In army flight school, specifically aeromedical training, he was taught the effects of aviation on the body. One of the first lessons they learned in their training was how to recognize the early warning signs of hypoxia. These include shortness of breath, dysphoria, nausea, vomiting and lightheadedness. This type of training is often done in altitude chambers, so trainees can experience these effects before they are in the air, including how aviation can affect your vestibular senses. A position change as simple as looking down to change a radio or instrument can completely disorient a pilot due to the change in direction of the fluid within the inner ear against the cilia. This can lead to the sensation that the plane has rotated and flying sideways. They are taught to trust their instruments because an overcorrection can lead to what they teach in flight school as a “death spiral.” The training is often done in a Barany Chair and simulates vestibular senses experienced during flight.
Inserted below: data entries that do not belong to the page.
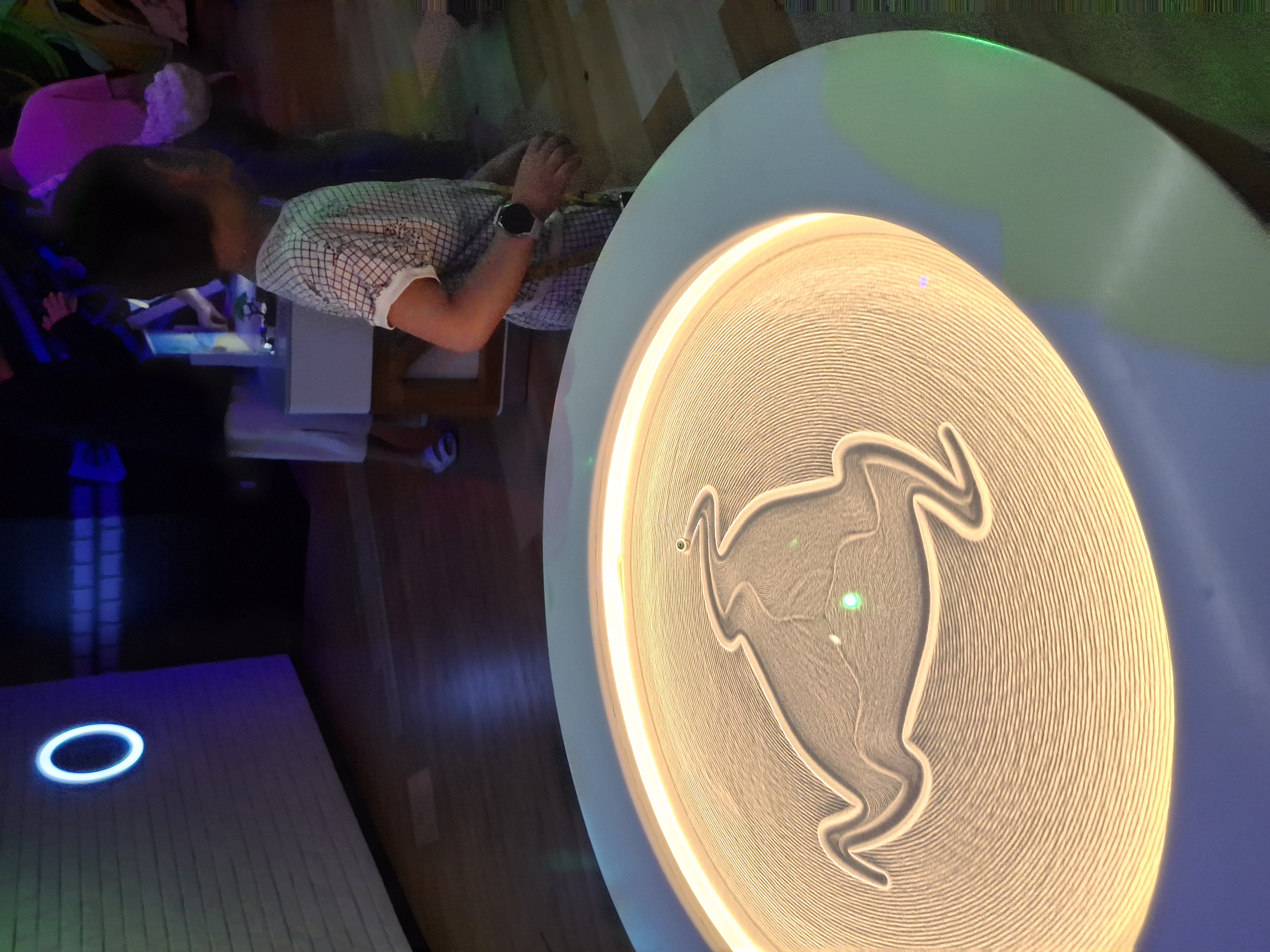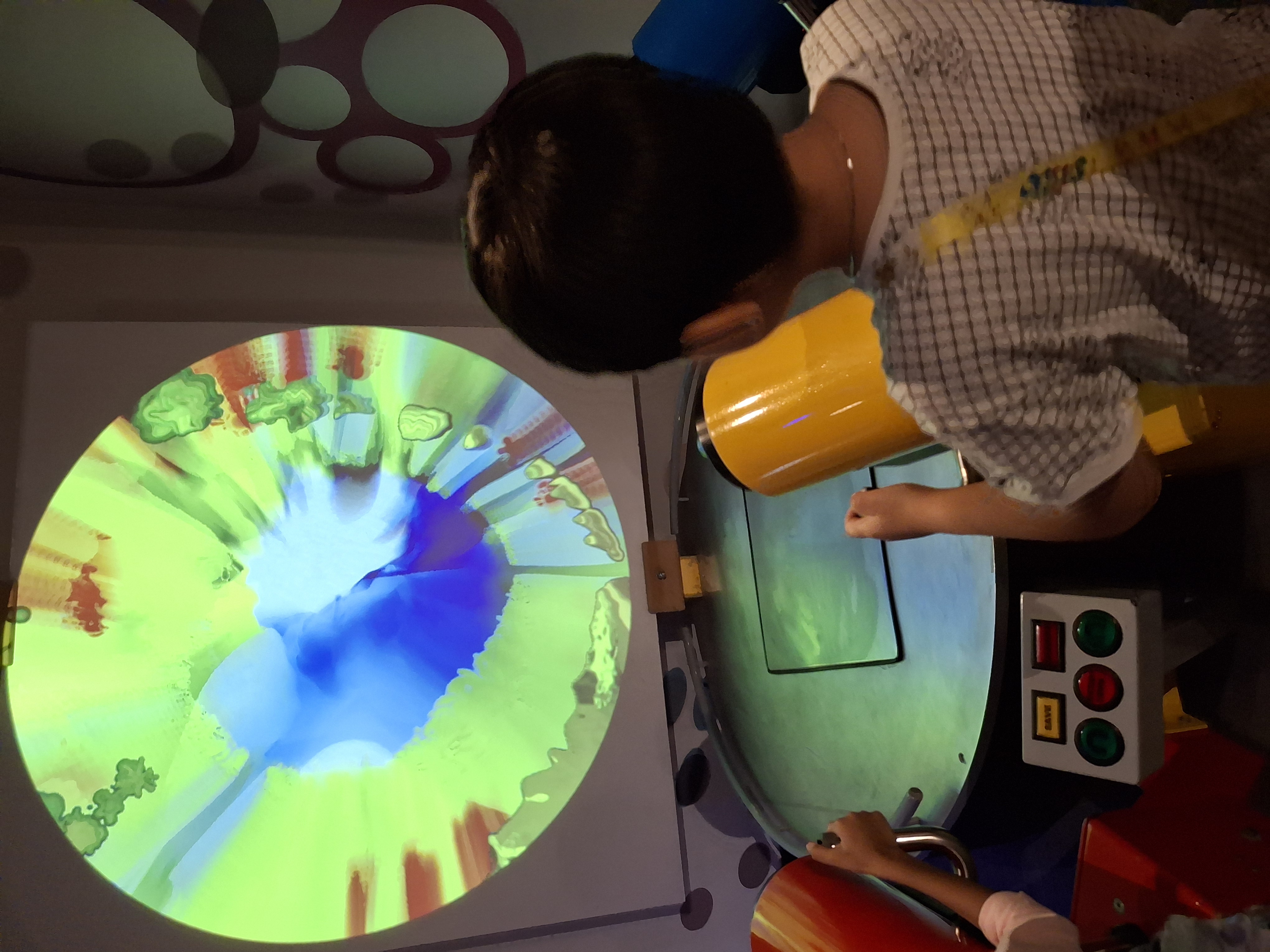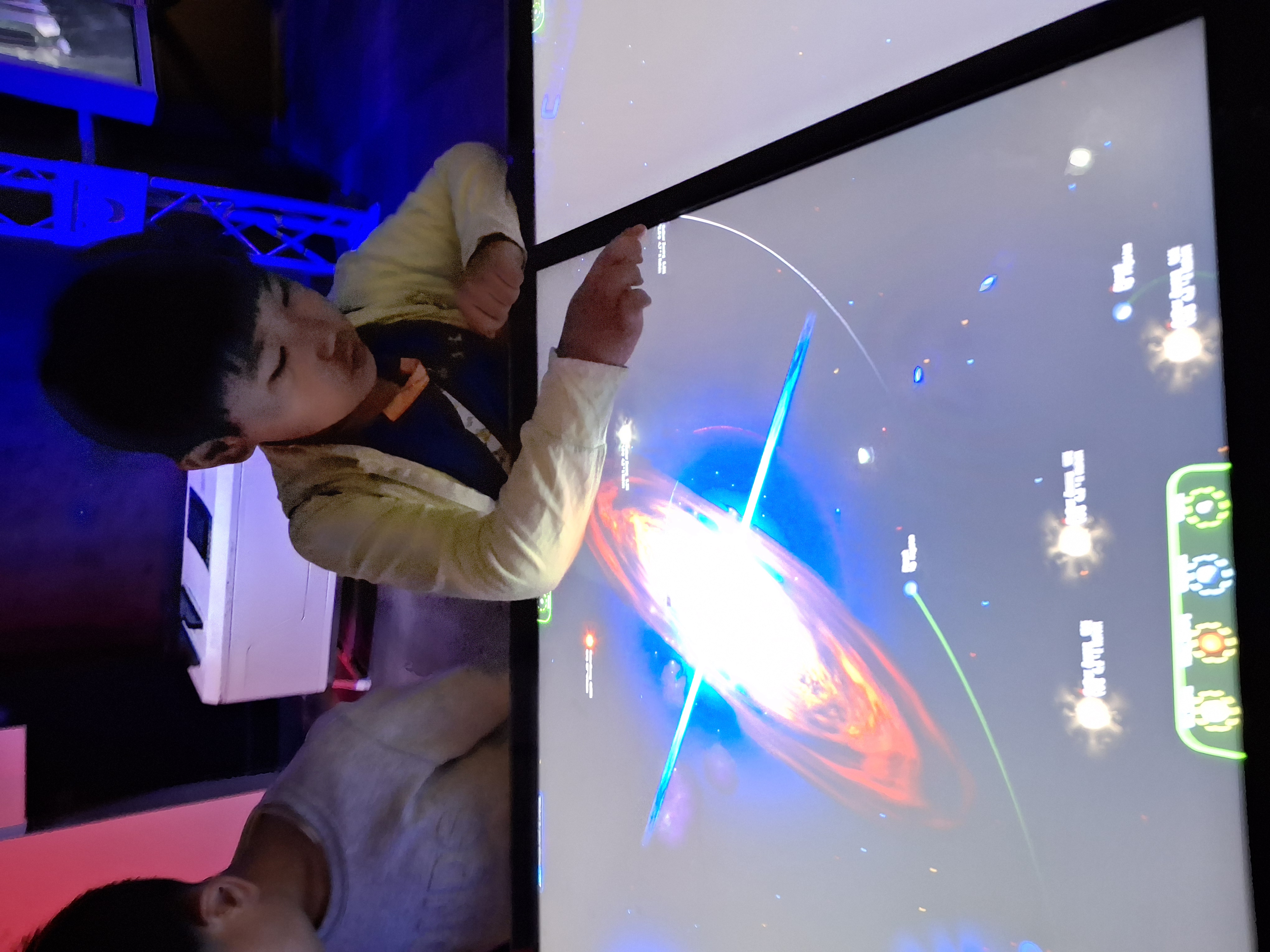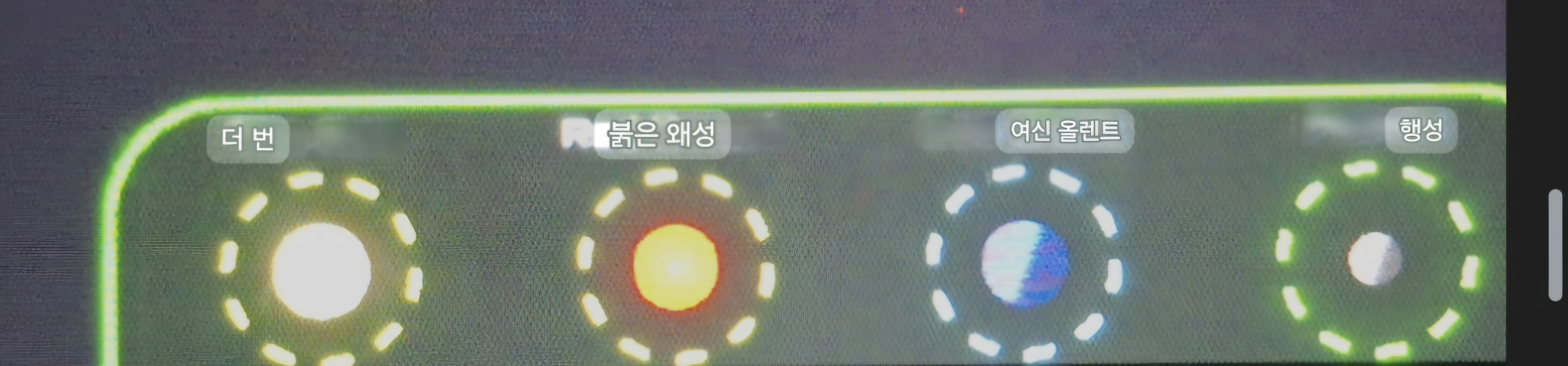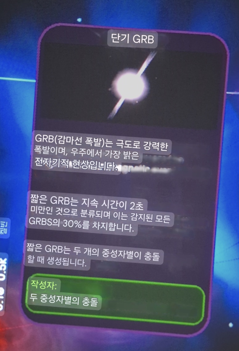 커다란 디스플레이 테이블에 내가 만들수 있는 우주구성물이 4가지가 있어요. 이 중 더번이라고 되어있는 것이 sun 인데 이들이 합쳐지면서 폭팔이 계속 일어나면 블랙홀로 진화되는 과정을 직접 시뮬레이션 할 수 있어요.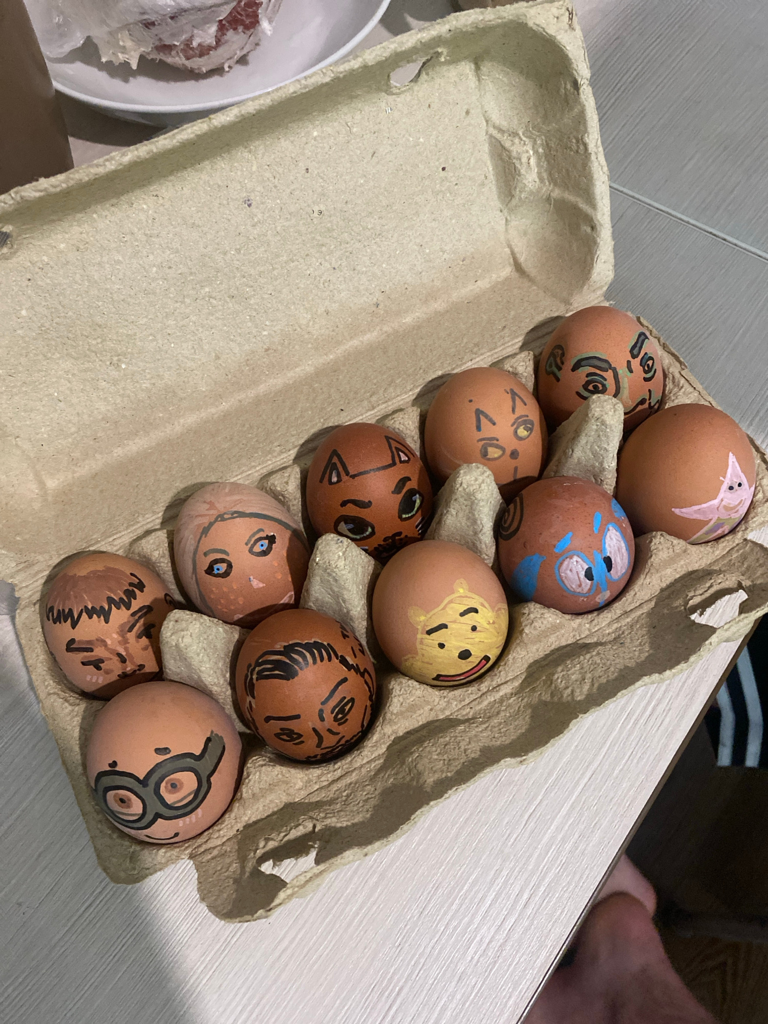 A top-down shot shows eleven brown eggs with hand-drawn faces in a tan cardboard egg carton. The eggs are arranged in the egg carton, partially filling the available slots. The egg carton sits on a li…read more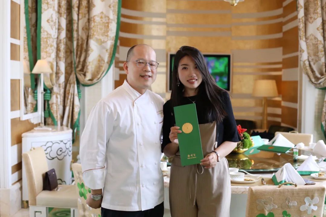 谭总厨分享说:“在我的职业生涯中,我曾款待过许多国家元首、皇室成员及外交官,就 像在皇宫内任职的厨师。 我致力不断接受挑战及提升自己,时刻保持创新,因为餐饮其实跟时尚无异,我们必须掌握最新趋势,才可创作出最佳的粤式美馔。 现今的客人追求由纯净有机食材烹调的高品质菜肴,所以我花大量时间搜罗顶级食材,务求为宾客创作最合心意的菜单。” 很荣幸的和谭总厨拍了张合影,满意而归。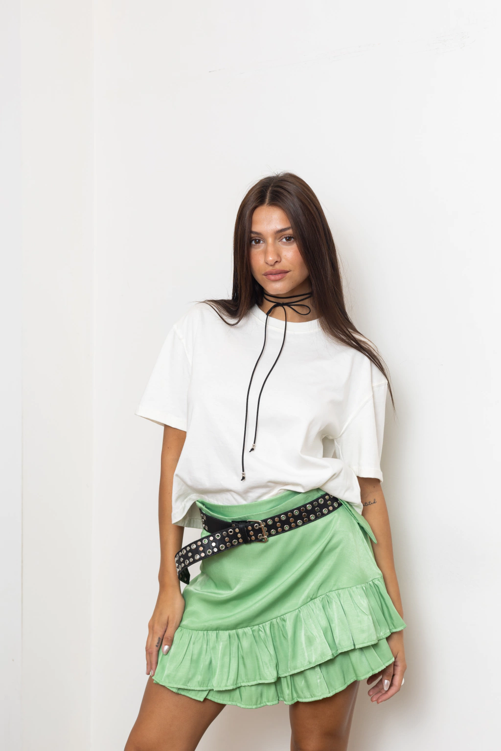 DESCRIPCIÓN: Mini cruzada con volado y lazo en el lateral. Confeccionada en una satín super suave y de un brillo leve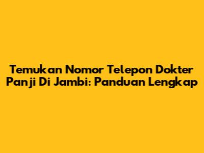 Temukan Nomor Telepon Dokter Panji Di Jambi: Panduan Lengkap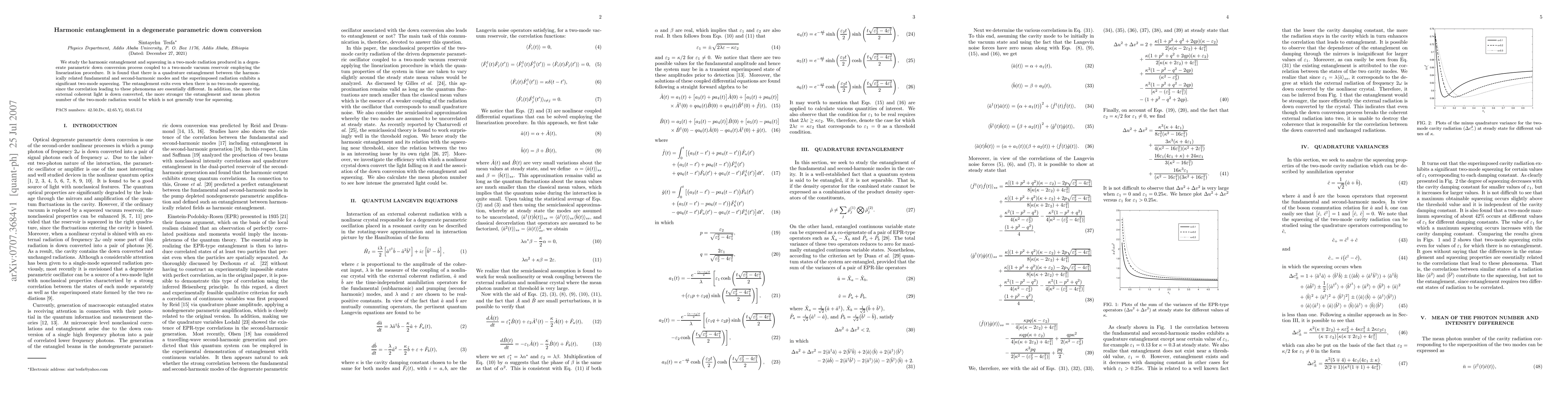 This paper investigates harmonic entanglement and squeezing in radiation from a degenerate parametric down conversion process. It finds quadrature entanglement between fundamental and second-harmonic modes, and significant two-mode squeezing, with entanglement persisting independently of squeezing. The study also reveals that stronger entanglement correlates with increased down-conversion of external coherent light.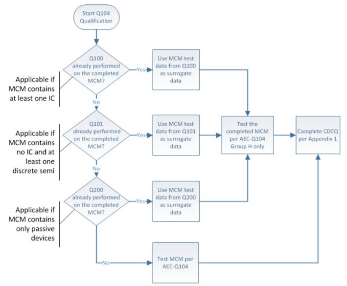 在AEC-Q104中,MCM上使用的所有组件,包括电阻、电容、电感等被动组件、二极管离散组件及IC本身,若在组合前已通过AEC-Q100、AEC-Q101或AEC-Q200认证,则MCM产品只需进行AEC-Q104H中的7项测试。这些测试包括:

Elevation in Summit County, Colorado ranges from 7,947 feet to 14,270 feet, the highest peak being Gray’s Peak. With people living as high as 11,200 feet, as Andrew does at his home in Blue River located south of of Breckenridge, CO.  Andrew shared some very interesting aviation altitude requirements which might surprise some. He spent much of his career operating non-pressurized helicopters and Federal Aviation Regulations prohibited him from going between 10,000 feet to 12,000 feet for more than 30 minutes without oxygen. When flying above 12,000 feet, pilots are required to have supplemental oxygen regardless of the amount of time spent at that elevation depending on the category of aviation being conducted such as commercial operations. This is according to the CFR (Code of Federal Regulations) Part 135 which governs commercial aircraft operations. How interesting is it that pilots have these regulations, yet many people who live in Summit County or those summiting 14ers (peaks at 14,000 ft. or above) are at or above these elevations with no supplemental oxygen on a daily basis. When flying private aircraft, CFR part 91.211 specifies flight crew can fly without pressurization or supplemental O2 below 14,000 feet and passengers below 15,000 feet.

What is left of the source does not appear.